Upon returning home to Havana after the ‘Mi Sueño’ tour in the summer of 2005 Ibrahim fell ill and was taken into hospital. Knowing that the end was near, Ibrahim sent a fax to Nick Gold asking him to realise his dream by releasing the bolero album. Ibrahim died on 6th August aged 78. Fortunately the demos that Ibrahim had recorded before his death were of high quality so World Circuit were able to realise his dying wish and complete the long awaited bolero album - ‘Mi Sueño’ is released in March 2007.

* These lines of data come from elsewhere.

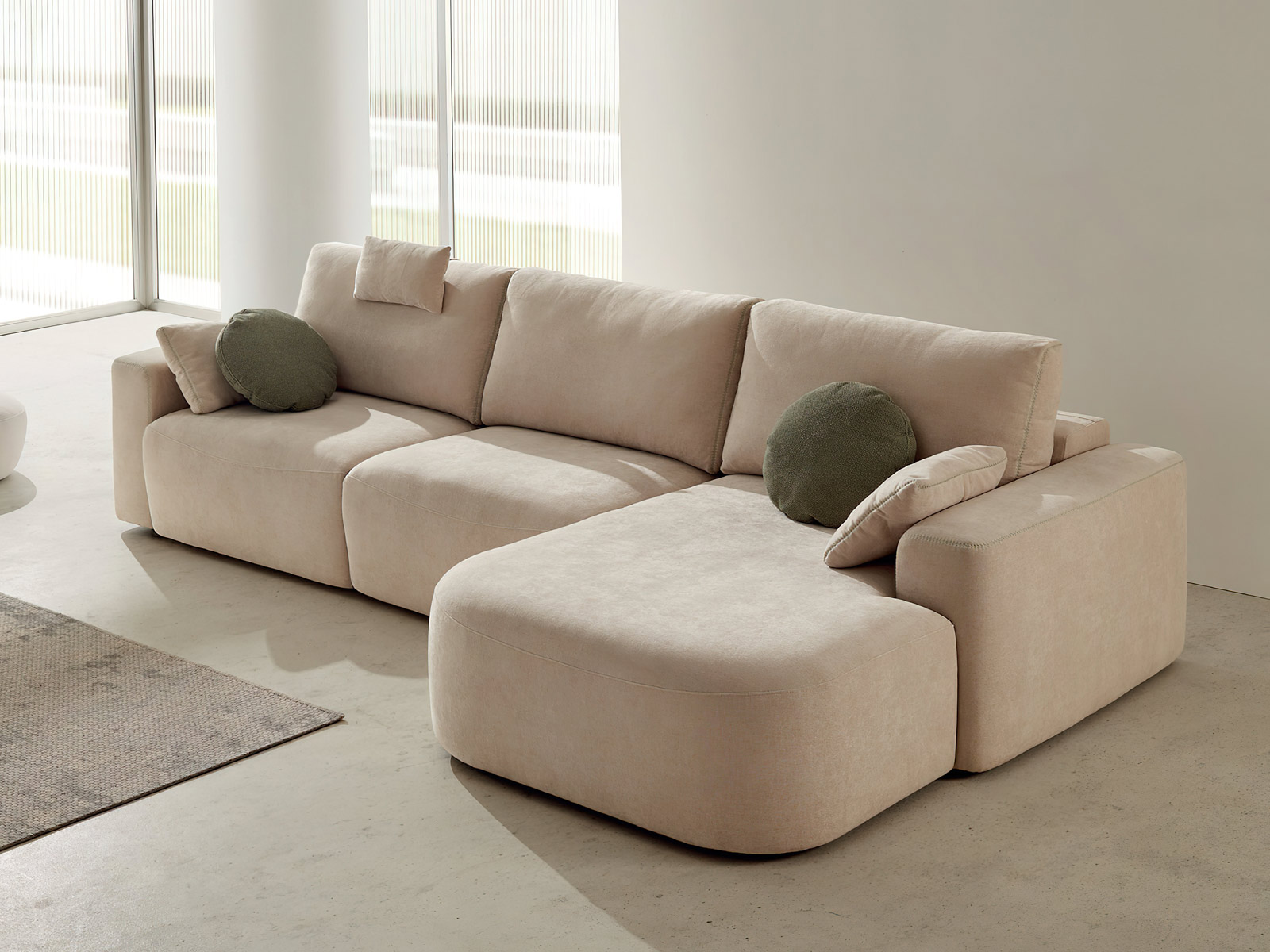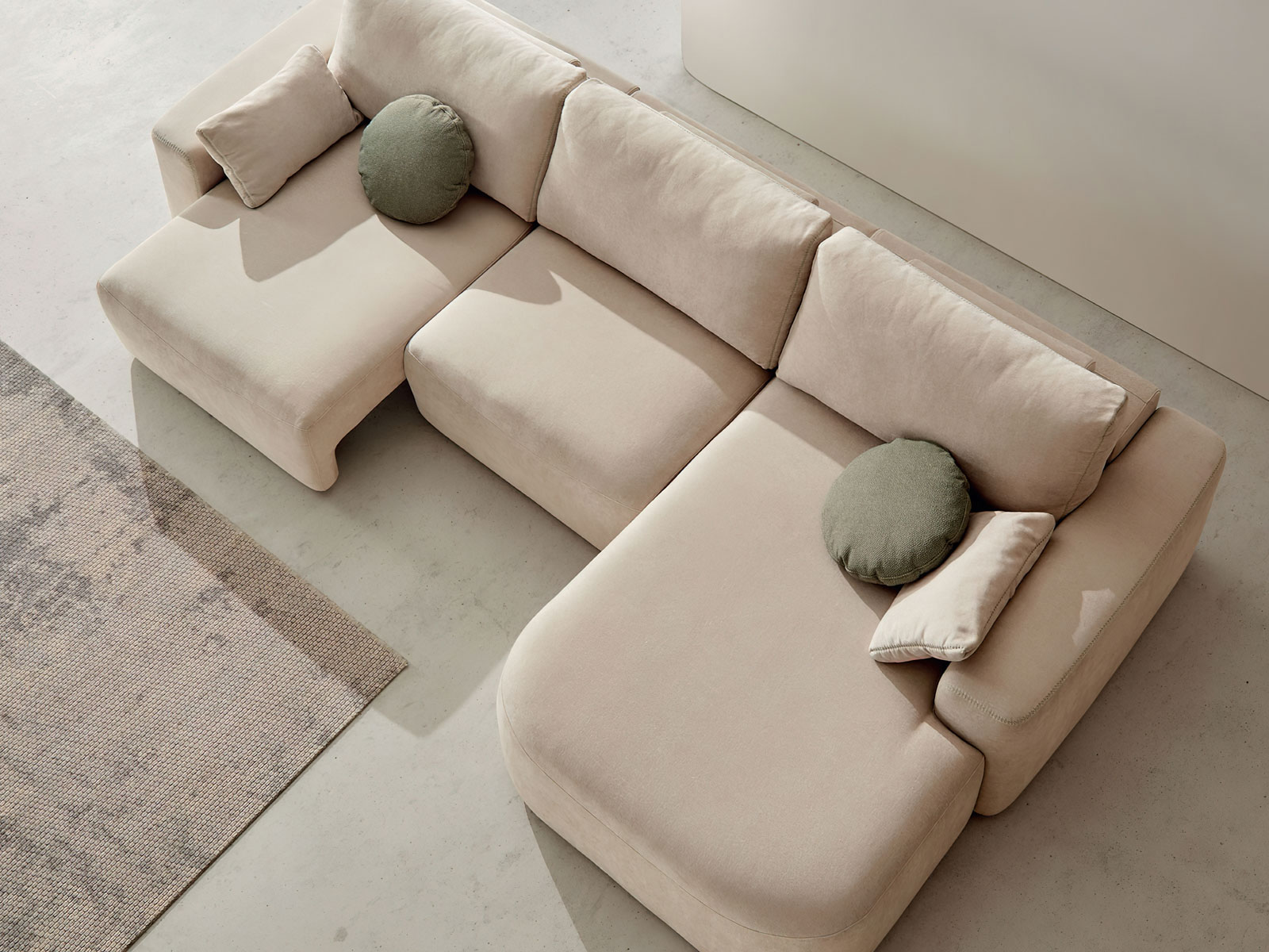 Cada detalle ha sido cuidadosamente considerado, desde los cojines redondos que proporcionan un contraste sutil y una comodidad adicional, hasta las líneas limpias y la forma que se integran armoniosamente en su hogar.
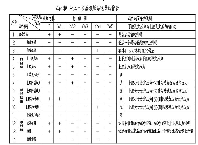 注:“+”號為得電,“-”號為失電。 五、立磨其它電氣元件控制說明 在水泥生產(chǎn)線技術(shù)人員不在的情況下,一些故障難以自主解決可以及時(shí)撥打環(huán)球重工技術(shù)部電話:+86-371-63759558 或銷售維護(hù)電話:15981850664
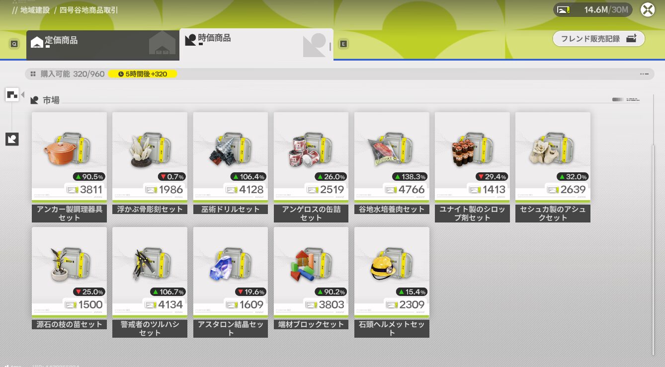 売る時はもちろんフレンドの船が基本。できれば400%以上稼ぎたいって発想になってきました。
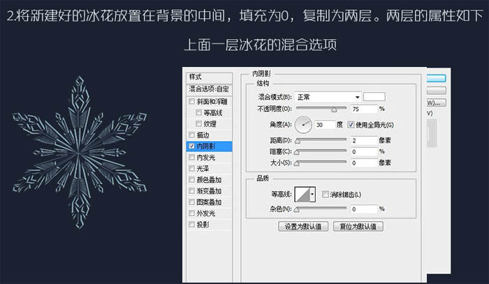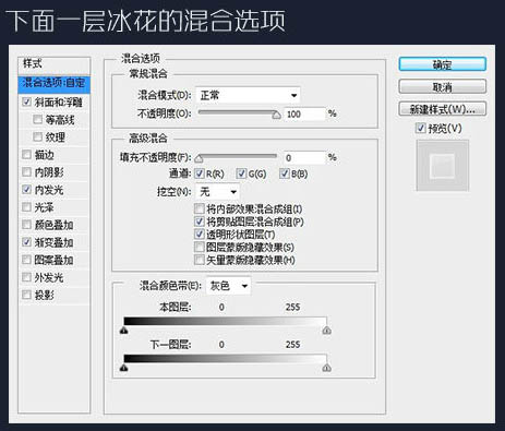 7、将新建好的冰花放置在背景的中间,填充为:0%,复制为两层。两层的属性如下,上面一层冰花的混合选项如下。
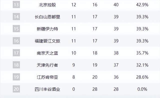 福建、同曦、天津、江苏等队仍在为最后一线生机拼杀,而四川队至今未尝胜绩,0胜28负垫底,赛季已无悬念。
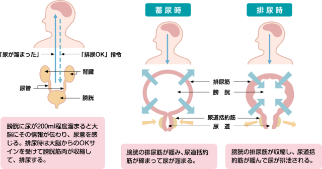 尿意を感じてから排尿するまでの流れを見ていきましょう。
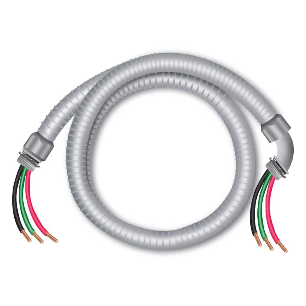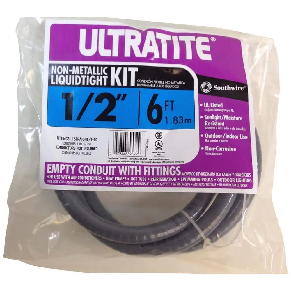 Southwire 1/2 in. x 6 ft. Liquidtite NM Kit. Resistant to rust, cracks and separation. It is made with non-metallic conduit with 2 different PVC materials that form the highly flexible product. A rigid material forms the stiff helical spring which is encapsulated by a second flexible compound.
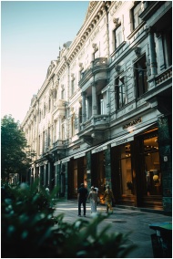 Charming urban scene with a historic building facade and pedestrians, showcasing city life.
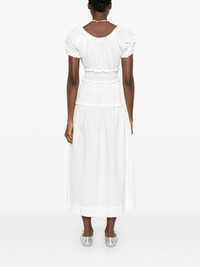Leanne midi dress Highlights - White - Organic cotton - Poplin texture - Frilled neckline - Short puff sleeves - Ruffle cuffs - Smocked waist - A-line skirt - Straight hem - Mid-length Imported Composition Organic Cotton 100% SIZE & FIT Model measurements Height 5 ft 10 in(1.78 m) Bust/Chest 31.49 in(80 cm) Hips 37 in(94 cm) Waist 23.62 in(60 cm) FittingInformation Designed to be unstructured, offering a loose fit throughout The elasticated waist allows for a comfortable fit Made from a lightweight non-stretch fabric Washing instructions Hand Wash
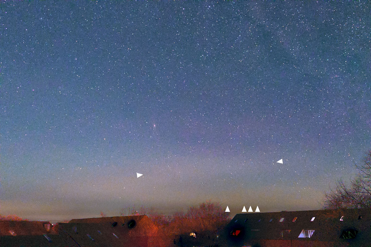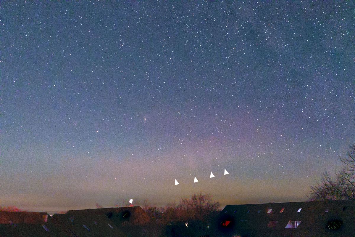 Am PC fiel mir dann bei der Bildbearbeitung die relativ gleichmäßigen Abstände der „Beamer“ auf, die ich auch noch spontan mit STEVE assozierte, und dann drittens waren dann bei den Raw-Bildern die „Beamer“ zartgrün gefärbt.
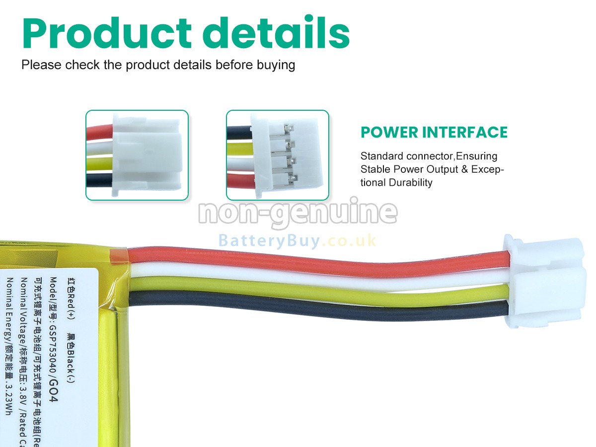 BatteryBuy.co.uk is your best choice of high quality JBL batteries for speakers! The brand new 3.23Wh(1 cells) replacement JBL GSP753040 Li-ion battery is made with superior quality cells from Samsung, Panasonic and LG to ensure the best performance. JBL GSP753040 battery case is made of non-flammable and durable plastic, which is fire-retarded and non-perishable when dropped from low heights.
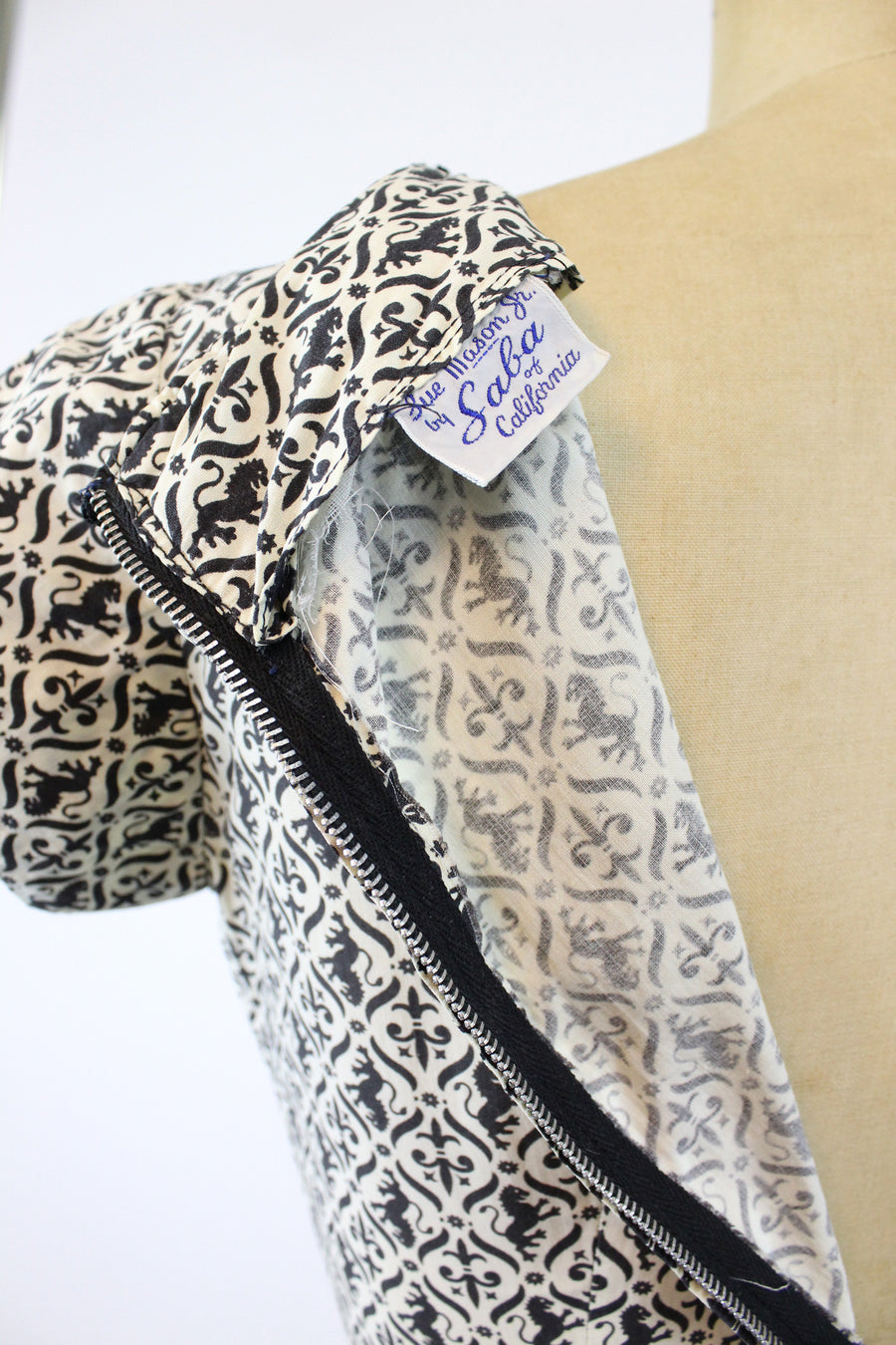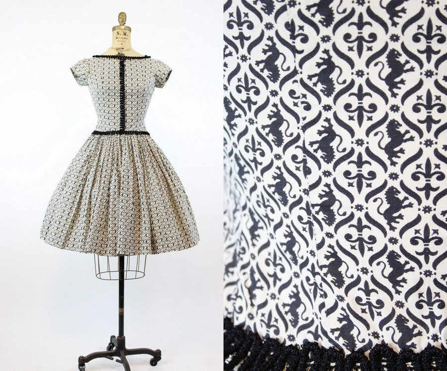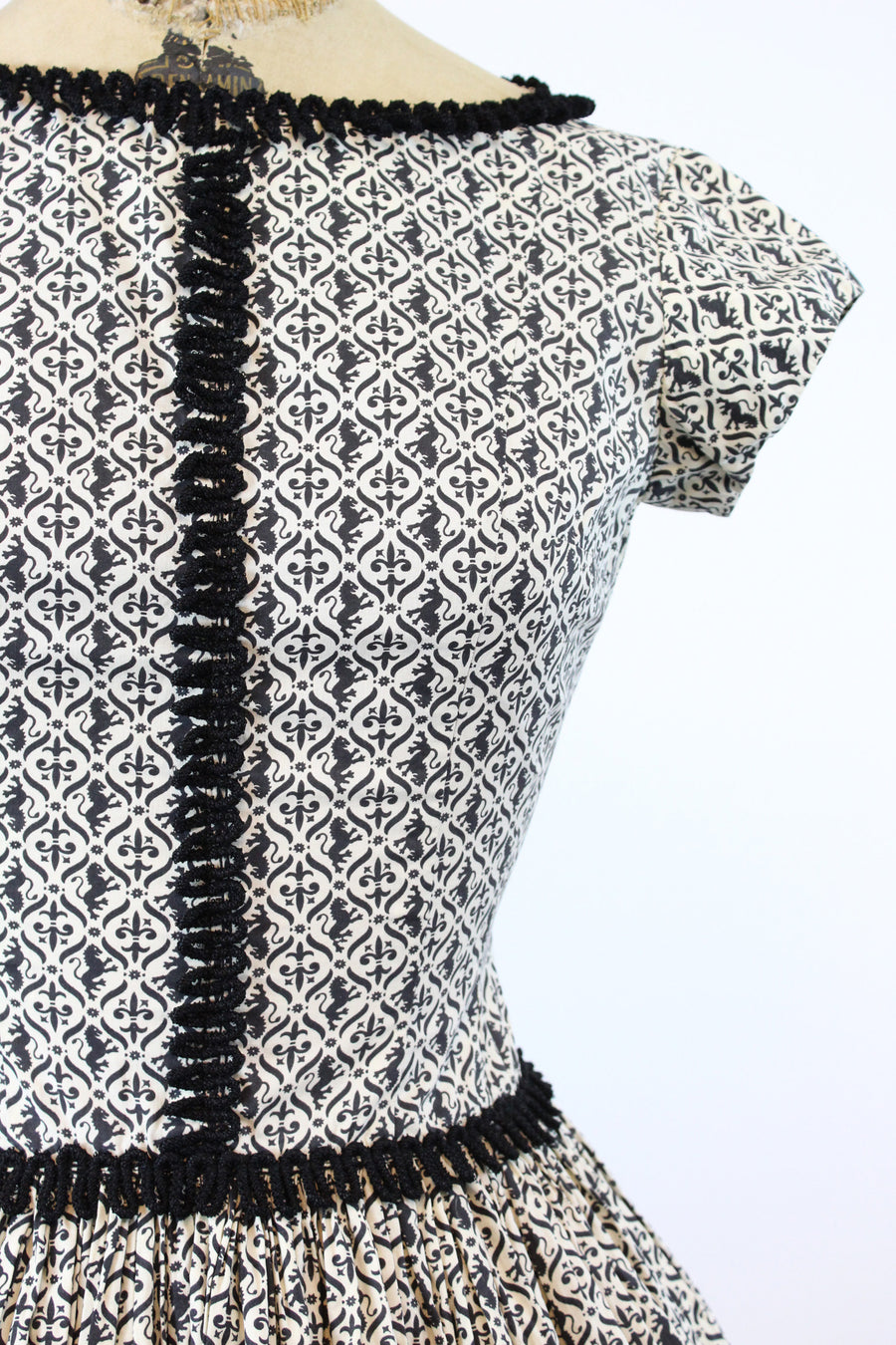 Charming 1950's cotton dress! Crisp white cotton printed with heraldic figures such as lions and fleur de lys. Twisted and looped black trim along the round neckline, down the front and on the drop waistline. Gathered ultra full skirt. Back metal zip. Unlined.
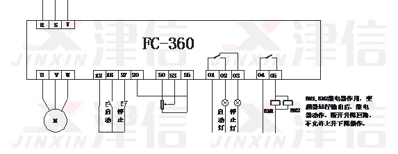 放線過程中,F(xiàn)C360根據(jù)反饋位置與預(yù)置位置進行PID調(diào)節(jié)運算,確定電機的轉(zhuǎn)速與轉(zhuǎn)向。當(dāng)出現(xiàn)斷線情況,擺桿由于重力作用將下落,位置反饋值會超出設(shè)定的允許范圍。如果將變頻器的繼電器1的輸出功能設(shè)為“反饋值超出范圍”,這時繼電器1就會動作。根據(jù)接線圖1,繼電器1動作時,端子01/03將斷開,斷開自動運行控制回路,變頻器將會立即停止輸出,同時端子01/02將閉合,將報警信號送給上位機。

Ibrahim Ferrer’s charismatic performances touched the hearts of audiences of all ages, throughout the world who felt genuine affection and respect for such a gloriously unaffected and talented star. Off-stage, Ibrahim was a very spiritual, caring and warm-hearted man devoted to his wife and family and to his country. His rise to fame gave him a youthful vigour and a zest for life that saw him touring, recording and winning awards worldwide and he played an integral part in the phenomenal worldwide interest in Cuban music.

Ibrahim is sorely missed, but his spirit and his music will stay with us.